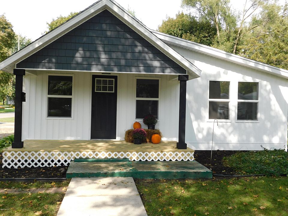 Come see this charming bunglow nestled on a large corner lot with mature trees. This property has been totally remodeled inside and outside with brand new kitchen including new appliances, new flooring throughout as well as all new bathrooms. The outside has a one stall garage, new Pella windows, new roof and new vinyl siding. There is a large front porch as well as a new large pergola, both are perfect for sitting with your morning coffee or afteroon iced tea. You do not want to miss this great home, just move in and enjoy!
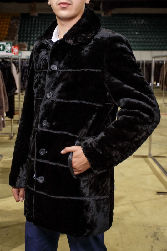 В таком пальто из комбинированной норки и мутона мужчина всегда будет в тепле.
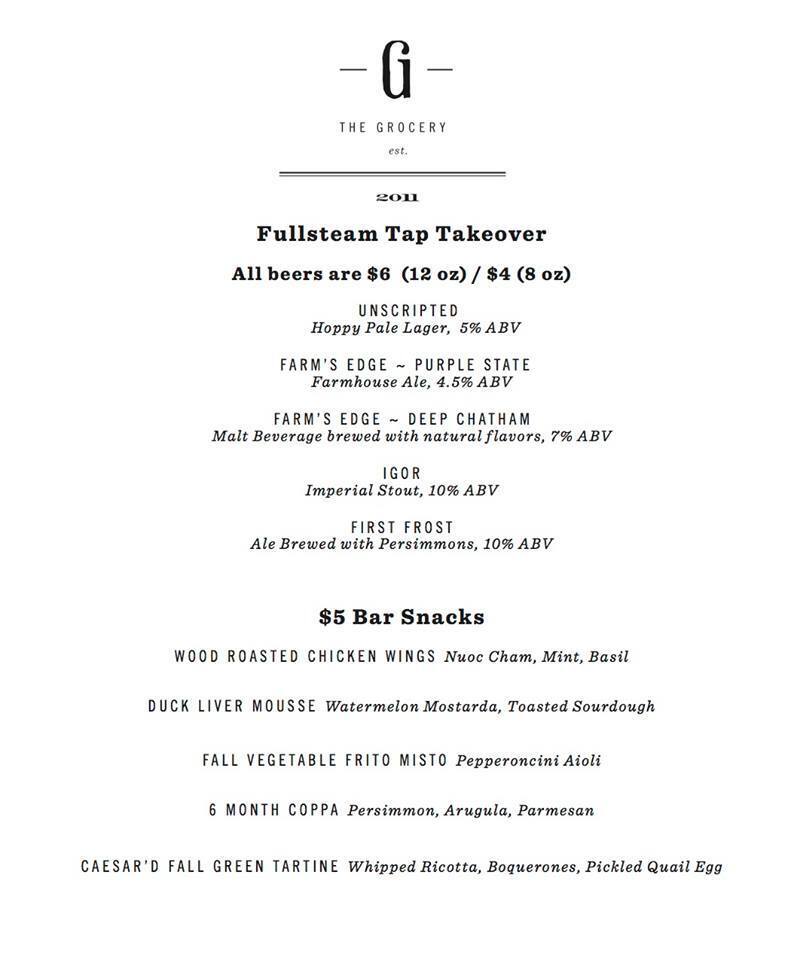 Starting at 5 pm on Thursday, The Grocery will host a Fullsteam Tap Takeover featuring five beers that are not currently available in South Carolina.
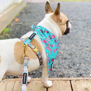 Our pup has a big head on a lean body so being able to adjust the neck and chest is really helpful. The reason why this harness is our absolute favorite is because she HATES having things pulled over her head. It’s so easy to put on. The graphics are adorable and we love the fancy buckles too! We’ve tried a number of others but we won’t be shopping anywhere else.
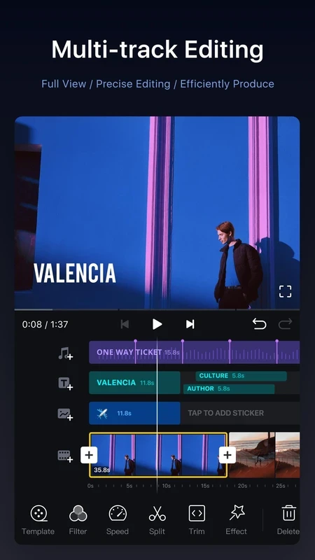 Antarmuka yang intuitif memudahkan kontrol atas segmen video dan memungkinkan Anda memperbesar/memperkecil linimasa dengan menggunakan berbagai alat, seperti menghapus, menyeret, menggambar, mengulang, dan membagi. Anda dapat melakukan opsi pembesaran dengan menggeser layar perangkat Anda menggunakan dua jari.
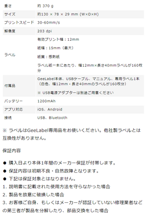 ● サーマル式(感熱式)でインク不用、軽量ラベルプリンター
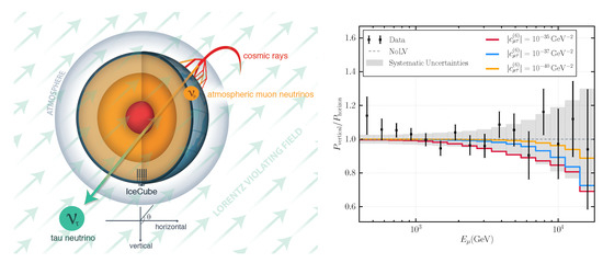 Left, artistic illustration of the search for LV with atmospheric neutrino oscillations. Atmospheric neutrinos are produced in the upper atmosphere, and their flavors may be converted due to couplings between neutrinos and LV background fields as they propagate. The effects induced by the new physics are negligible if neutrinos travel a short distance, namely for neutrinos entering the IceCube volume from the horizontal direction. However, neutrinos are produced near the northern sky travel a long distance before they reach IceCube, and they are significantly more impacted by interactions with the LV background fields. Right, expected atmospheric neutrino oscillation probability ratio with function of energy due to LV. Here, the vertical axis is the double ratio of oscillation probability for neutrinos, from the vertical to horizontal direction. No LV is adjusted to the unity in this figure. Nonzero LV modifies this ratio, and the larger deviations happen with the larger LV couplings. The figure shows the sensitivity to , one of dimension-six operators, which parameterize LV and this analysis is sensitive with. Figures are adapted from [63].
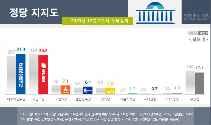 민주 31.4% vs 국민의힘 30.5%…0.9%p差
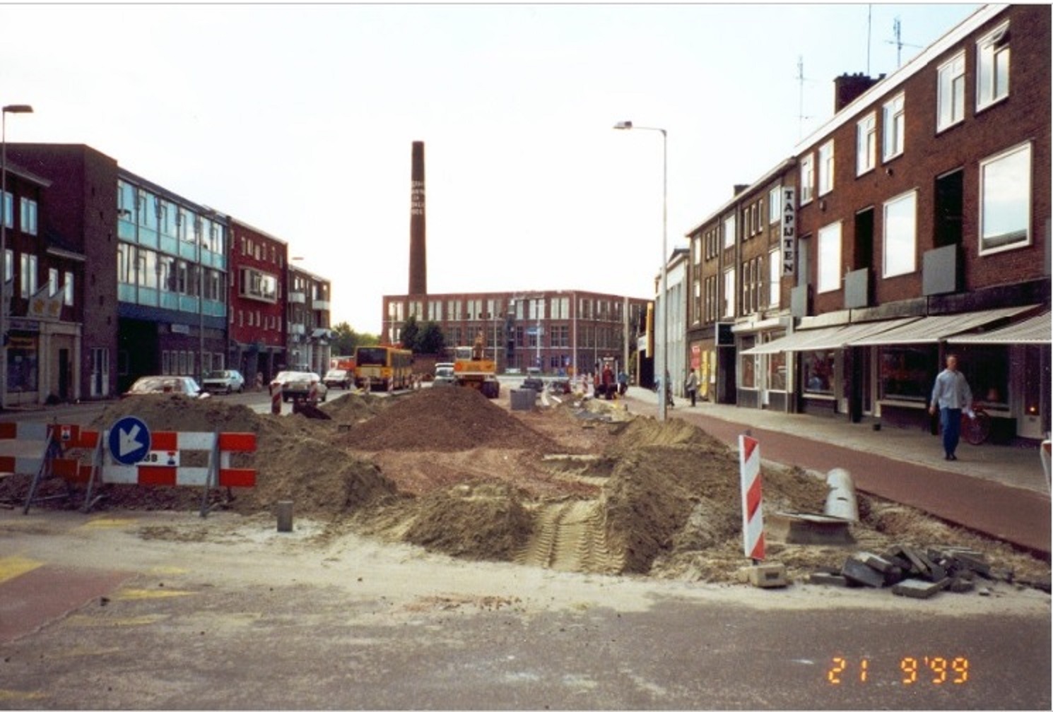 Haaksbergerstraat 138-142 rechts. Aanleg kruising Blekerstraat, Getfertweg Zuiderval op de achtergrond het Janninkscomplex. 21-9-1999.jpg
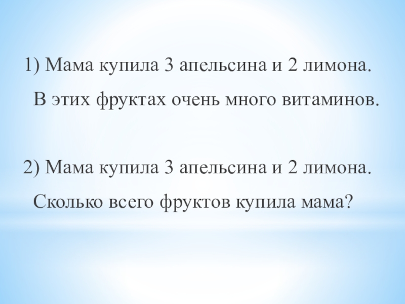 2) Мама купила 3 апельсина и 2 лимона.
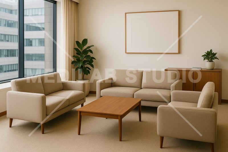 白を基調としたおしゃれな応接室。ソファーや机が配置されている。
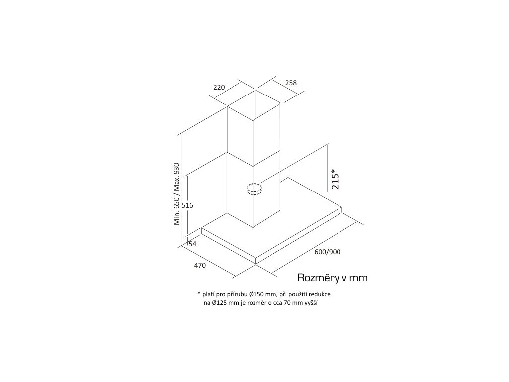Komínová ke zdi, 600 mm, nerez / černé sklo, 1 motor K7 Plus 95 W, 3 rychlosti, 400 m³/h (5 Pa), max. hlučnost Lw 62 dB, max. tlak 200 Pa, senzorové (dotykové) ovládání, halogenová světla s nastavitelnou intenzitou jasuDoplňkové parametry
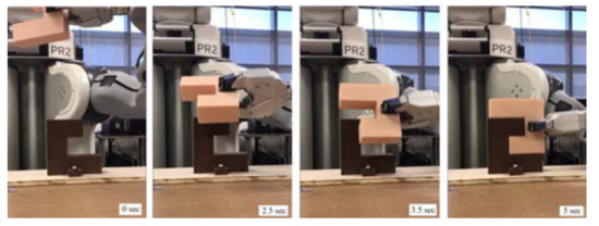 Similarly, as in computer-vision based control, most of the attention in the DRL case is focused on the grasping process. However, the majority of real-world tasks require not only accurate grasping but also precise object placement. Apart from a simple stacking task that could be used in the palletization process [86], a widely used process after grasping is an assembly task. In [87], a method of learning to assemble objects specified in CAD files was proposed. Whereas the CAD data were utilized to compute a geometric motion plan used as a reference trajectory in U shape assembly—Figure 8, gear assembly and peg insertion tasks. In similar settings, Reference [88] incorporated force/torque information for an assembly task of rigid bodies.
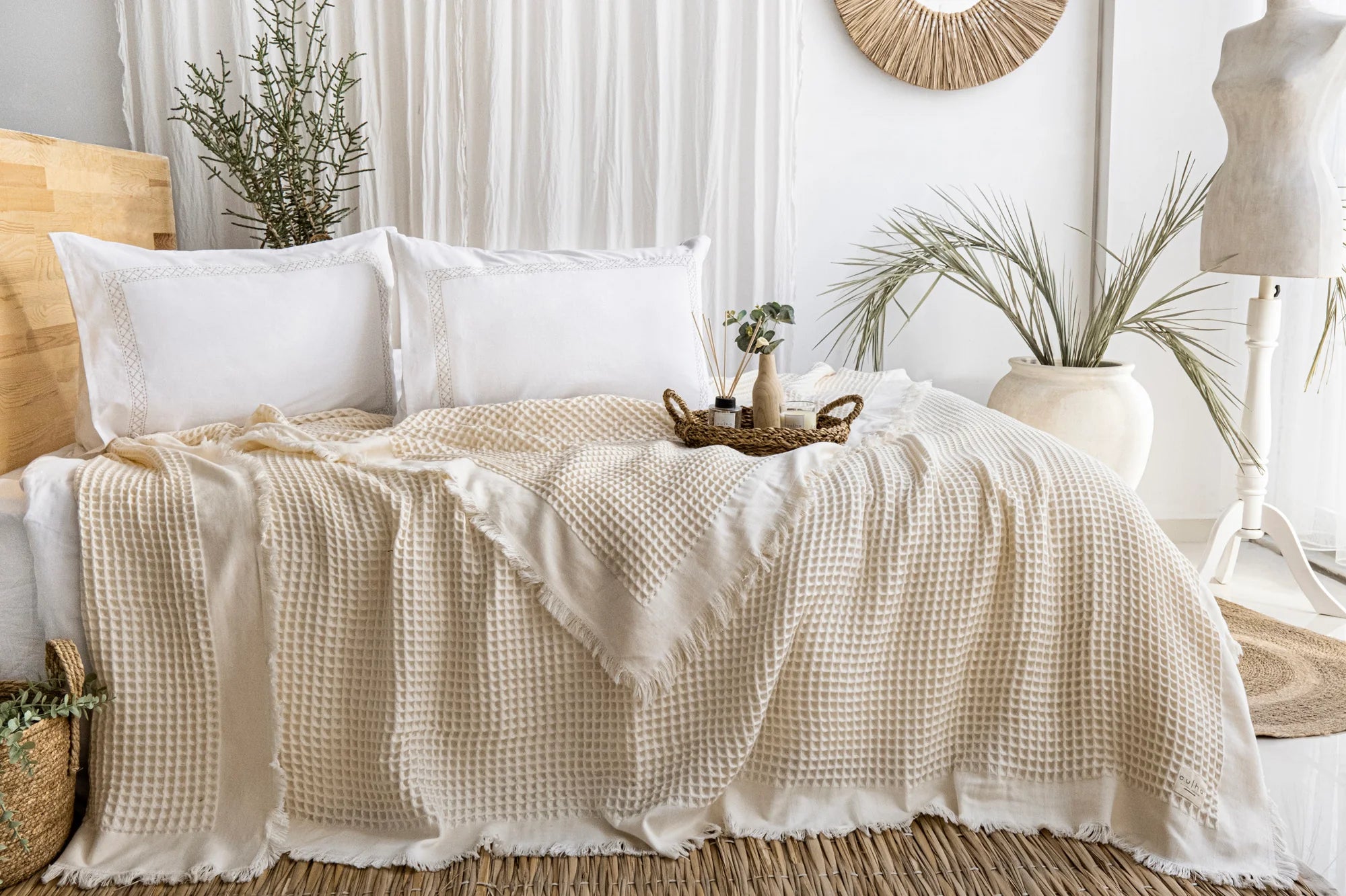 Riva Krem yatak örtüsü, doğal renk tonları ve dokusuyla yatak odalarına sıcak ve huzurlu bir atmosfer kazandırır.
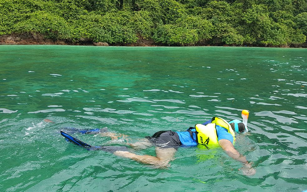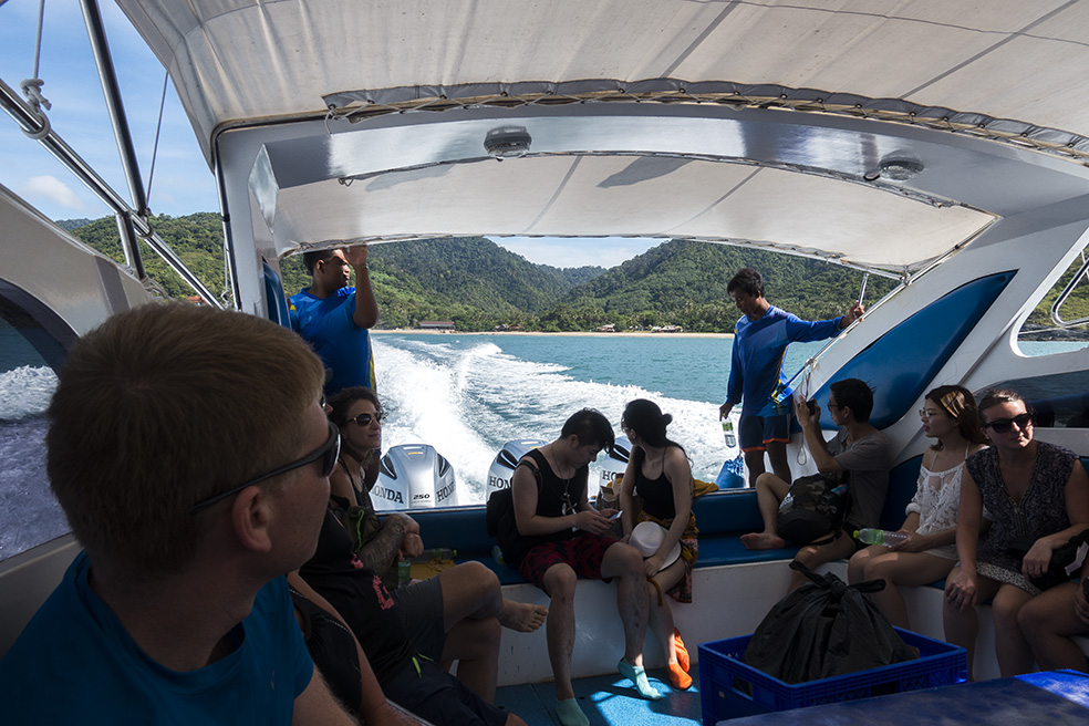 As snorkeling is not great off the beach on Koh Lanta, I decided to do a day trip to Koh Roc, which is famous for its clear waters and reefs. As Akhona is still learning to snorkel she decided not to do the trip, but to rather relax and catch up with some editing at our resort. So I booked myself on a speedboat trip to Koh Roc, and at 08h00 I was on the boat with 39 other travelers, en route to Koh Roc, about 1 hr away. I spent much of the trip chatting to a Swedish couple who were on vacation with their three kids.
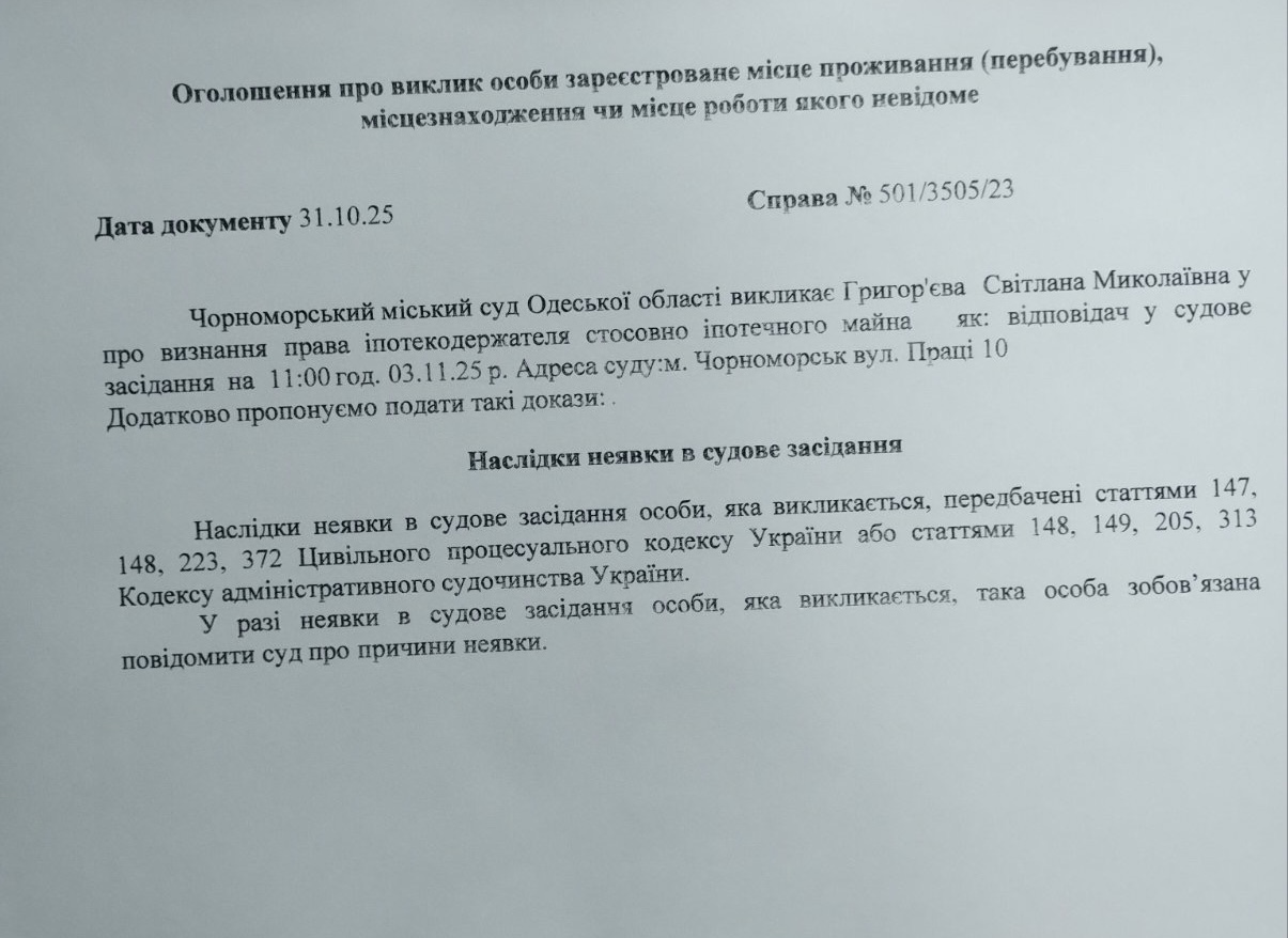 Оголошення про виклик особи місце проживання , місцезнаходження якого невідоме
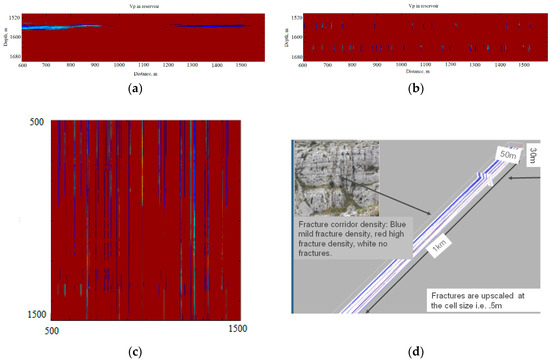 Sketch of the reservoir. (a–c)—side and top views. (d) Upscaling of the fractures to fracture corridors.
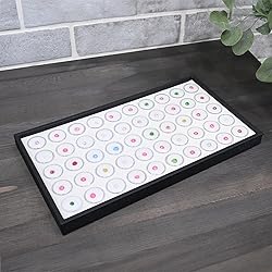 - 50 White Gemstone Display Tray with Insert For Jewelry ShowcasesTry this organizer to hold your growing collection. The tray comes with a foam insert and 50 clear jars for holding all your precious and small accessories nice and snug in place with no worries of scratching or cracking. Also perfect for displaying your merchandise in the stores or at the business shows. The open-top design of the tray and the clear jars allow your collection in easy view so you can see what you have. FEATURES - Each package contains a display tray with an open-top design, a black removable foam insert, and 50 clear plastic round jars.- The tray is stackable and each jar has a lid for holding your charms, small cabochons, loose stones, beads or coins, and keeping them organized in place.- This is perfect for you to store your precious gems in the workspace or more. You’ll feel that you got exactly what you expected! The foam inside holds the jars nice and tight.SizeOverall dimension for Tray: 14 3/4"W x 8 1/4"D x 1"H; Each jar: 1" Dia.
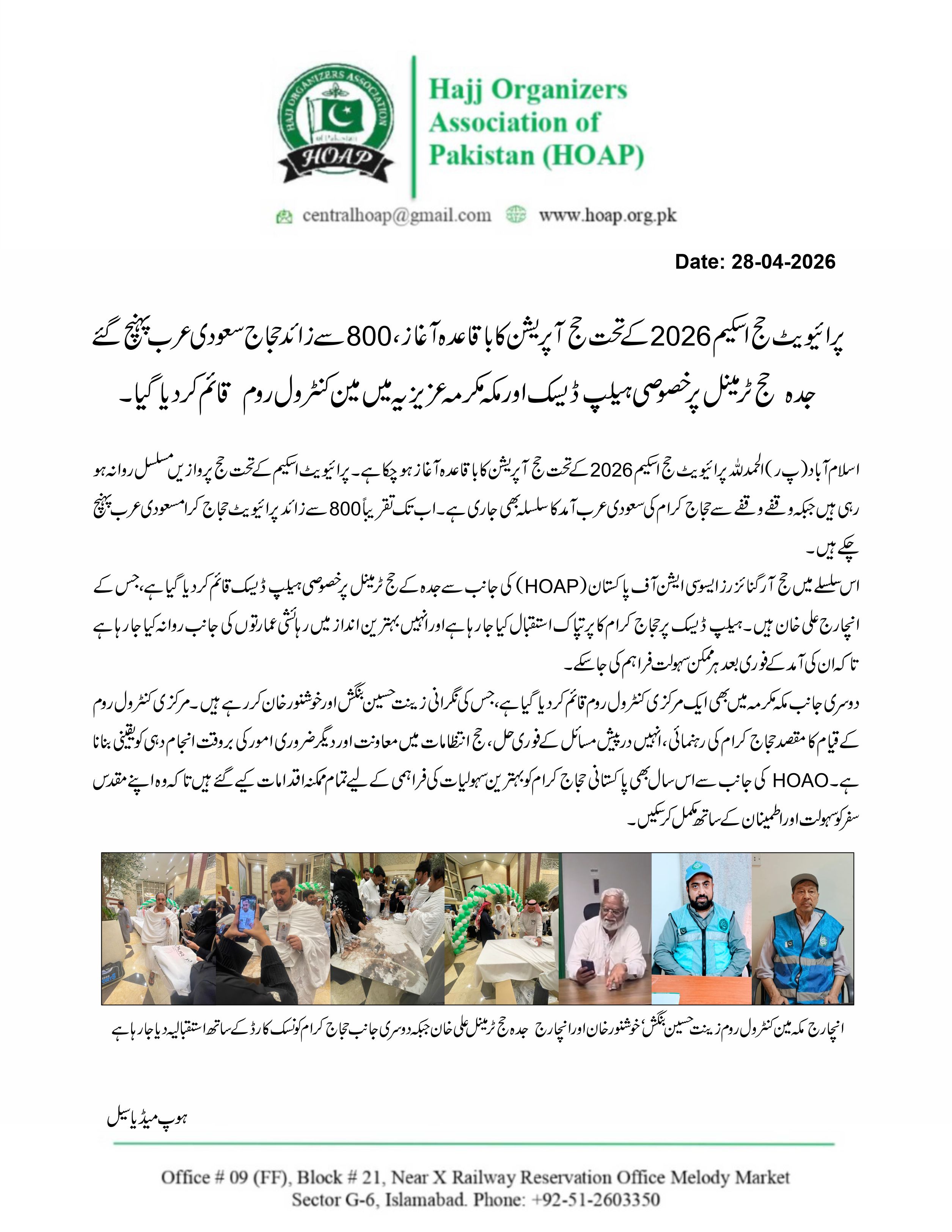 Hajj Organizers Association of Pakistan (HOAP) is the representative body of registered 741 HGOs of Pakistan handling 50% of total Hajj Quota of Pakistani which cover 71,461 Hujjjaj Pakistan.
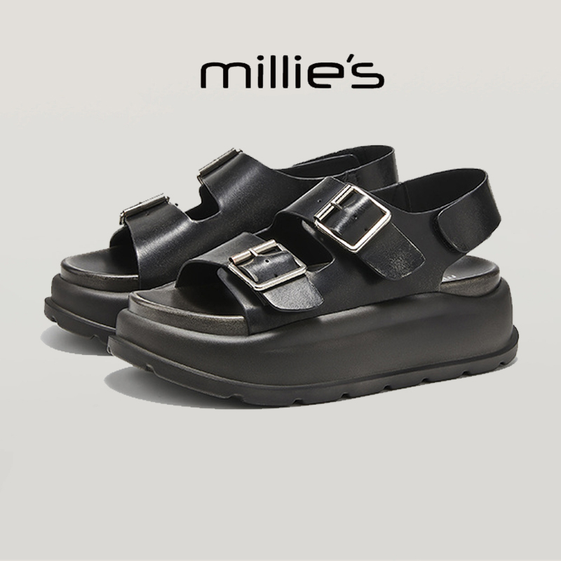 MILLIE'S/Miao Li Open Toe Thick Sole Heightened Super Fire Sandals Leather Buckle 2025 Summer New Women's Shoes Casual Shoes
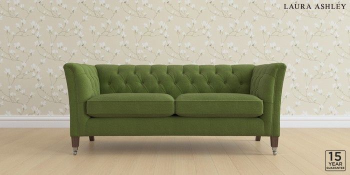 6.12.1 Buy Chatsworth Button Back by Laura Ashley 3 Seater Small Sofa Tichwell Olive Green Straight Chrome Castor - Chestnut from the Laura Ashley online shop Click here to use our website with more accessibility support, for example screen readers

□ □ □ □ □ □ □

→ **Assignment**
Give back an exact repeat of the lines from the top of the data through the line that holds "Our pup has", both included, and omit pictures.

→ **Response to the task**
 Come see this charming bunglow nestled on a large corner lot with mature trees. This property has been totally remodeled inside and outside with brand new kitchen including new appliances, new flooring throughout as well as all new bathrooms. The outside has a one stall garage, new Pella windows, new roof and new vinyl siding. There is a large front porch as well as a new large pergola, both are perfect for sitting with your morning coffee or afteroon iced tea. You do not want to miss this great home, just move in and enjoy!
 В таком пальто из комбинированной норки и мутона мужчина всегда будет в тепле.
 Starting at 5 pm on Thursday, The Grocery will host a Fullsteam Tap Takeover featuring five beers that are not currently available in South Carolina.
 Our pup has a big head on a lean body so being able to adjust the neck and chest is really helpful. The reason why this harness is our absolute favorite is because she HATES having things pulled over her head. It’s so easy to put on. The graphics are adorable and we love the fancy buckles too! We’ve tried a number of others but we won’t be shopping anywhere else.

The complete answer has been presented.